あらすじ
敵将を泥酔させ討ち取った寡婦ユディト。
フランス王と離婚してイングランド王と再婚した「欧州の母」アリエノール。「カノッサ事件」を通して神聖ローマ皇帝に復讐を果たしたトスカナ女伯マティルダ。
彼女たちはなぜ戦い、どうやって歴史を動かしたのか。
25人のエピソードを解説。
書き下ろし世界史シリーズ新刊。
フランス救国の英雄ジャンヌ・ダルク、スペイン王国を成立させたイサベル女王など教科書に登場する著名人だけでなく、フランス王と離婚しイングランド王と再婚したことで英仏百年戦争の遠因をつくったアリエノール・ド・アキテーヌ、『ニーベルンゲンの歌』のモデルであり、フランク王国再統一の基盤をつくったブルンヒルド、「カノッサ事件」を通して神聖ローマ皇帝に復讐を果たしつつ教会改革を支えたトスカナ女伯マティルダといった、自身が戦うことで、あるいは、戦いに巻き込まれながらも独自の生き方を貫き、世界史に影響を与えた人物を取り上げる。
感情タグBEST3
Posted by ブクログ
タイトル通り、歴史上で活躍し名を残した女性たちのエピソード集。
この本に登場する多くは、女王(女帝)や王妃等、優れた身分の女性たちだ。彼女らには、いずれも「政略結婚」という生まれながらにして決められた"運命"があった。家系や政情により、自国を離れ言葉も文化もまったく異なる国に嫁ぐことも珍しくはなかったようだ。

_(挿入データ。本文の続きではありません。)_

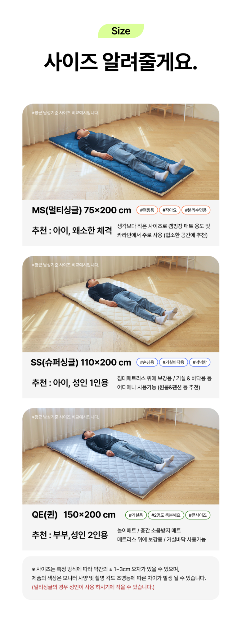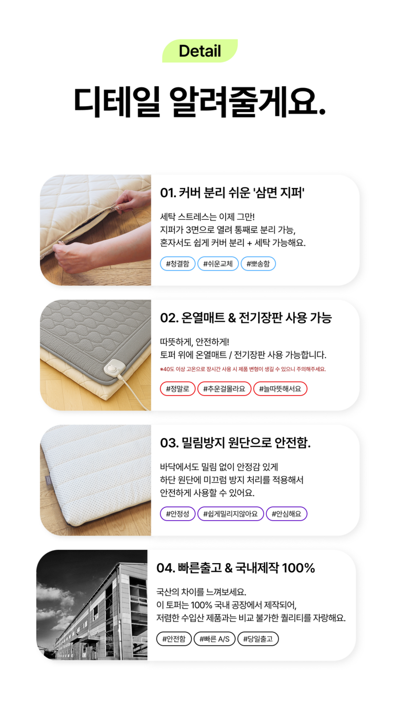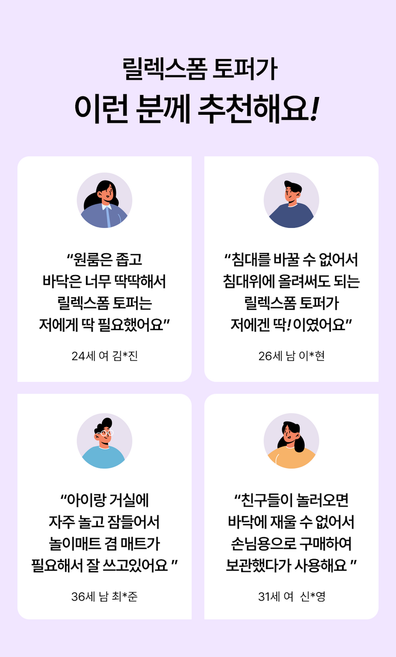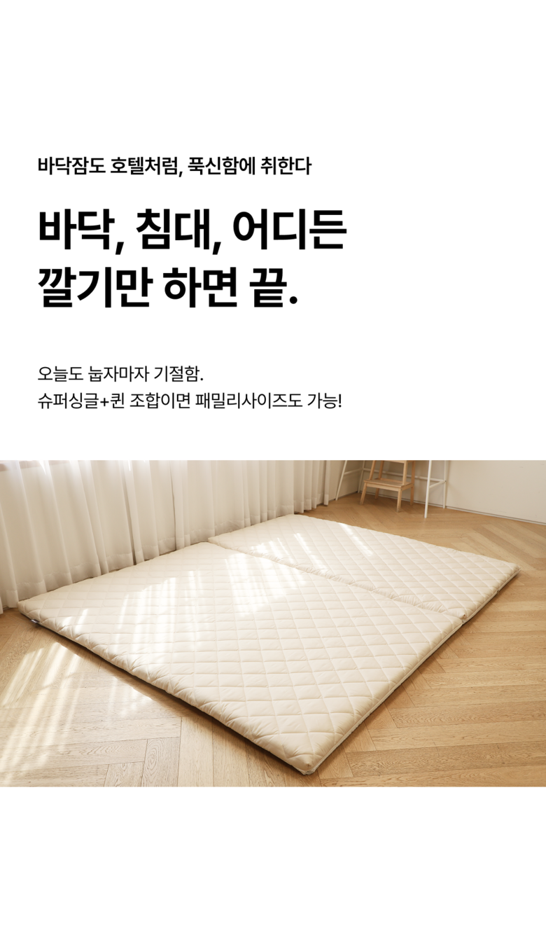 | 품명 | 꿀잠 릴렉스폼 토퍼매트리스 접이식 침대 바닥 수면매트 6cm | KC 인증정보 | 해당 없음 |
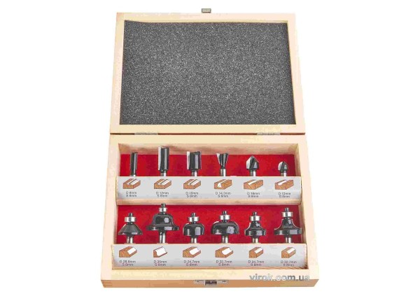Набір фрез AEG зі шпінделем Ø= 8 мм, в деревяному футлярі, 12 шт

ただし現実は、「お姫様と王子様はいつまでも幸せに暮らしました」というハッピーエンドにはならない。夫との関係悪化、権力や後継者争い、その先にある我が子との対立、国民からの批判……。そうした逆境の中でも強い芯を持ち、しなやかに生きた女性達。その胆力や優れた采配により、大きく歴史が動いた事例も少なくない。同性ゆえに、そうした女性には憧憬の念を抱く。

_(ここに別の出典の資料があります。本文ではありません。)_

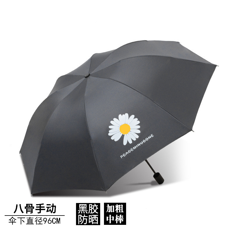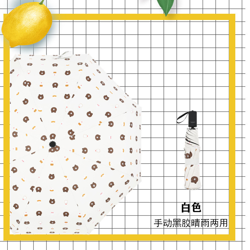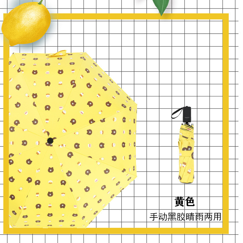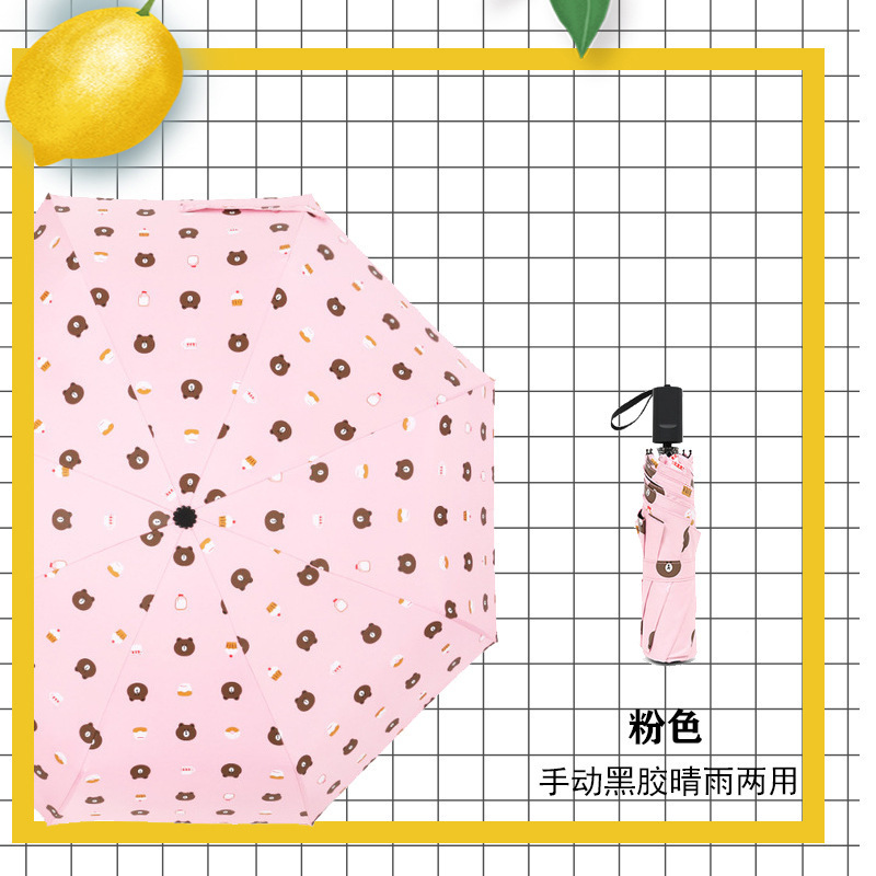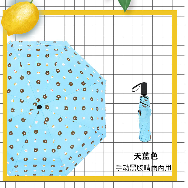 신선한 만화 전천후 우산 접는 태양 보호 UV 보호 블랙 접착제 삼중 우산 태양 헤어 유니섹스 우산
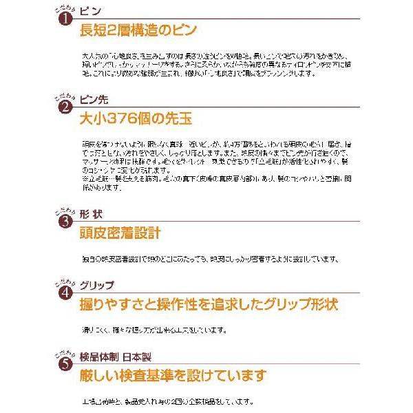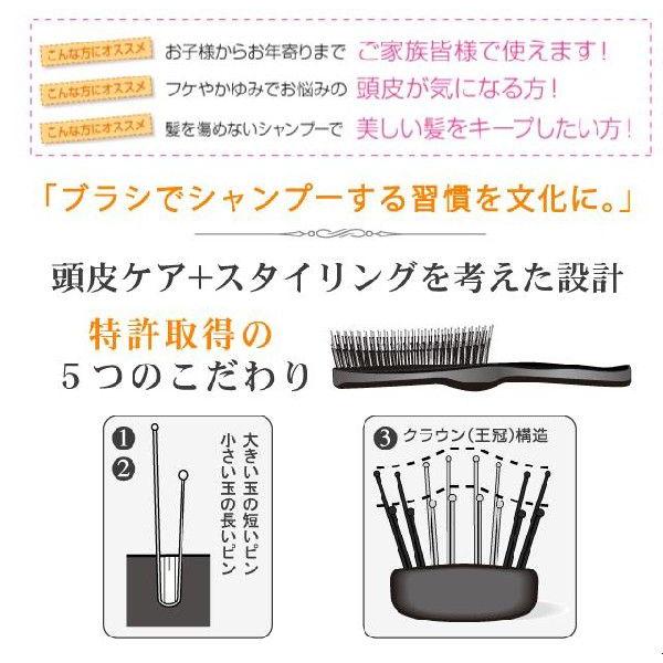 指先より細かくシャンプーできるこのブラシ、頭皮を傷つけないよう先が球状になったピンが植えられ、長いピンには小さな球、短いピンには大きな球という組み合わせが特徴です。

神話の世界に登場する、少しマイナー(?)な人物から、「クレオパトラ」「ジャンヌ・ダルク」など、昨今様々なゲームやアニメでアイコン化され、再解釈されているビッグネームのエピソードまで。本著は幅広く収録しているように感じた。
コンパクトな文庫であること、また著者が予備校講師ということもあり、要点をまとめて文章化しているので、歴史書というよりも参考書感覚で読みやすい。世界史に今一度触れ直すきっかけとしては良い本であると思う。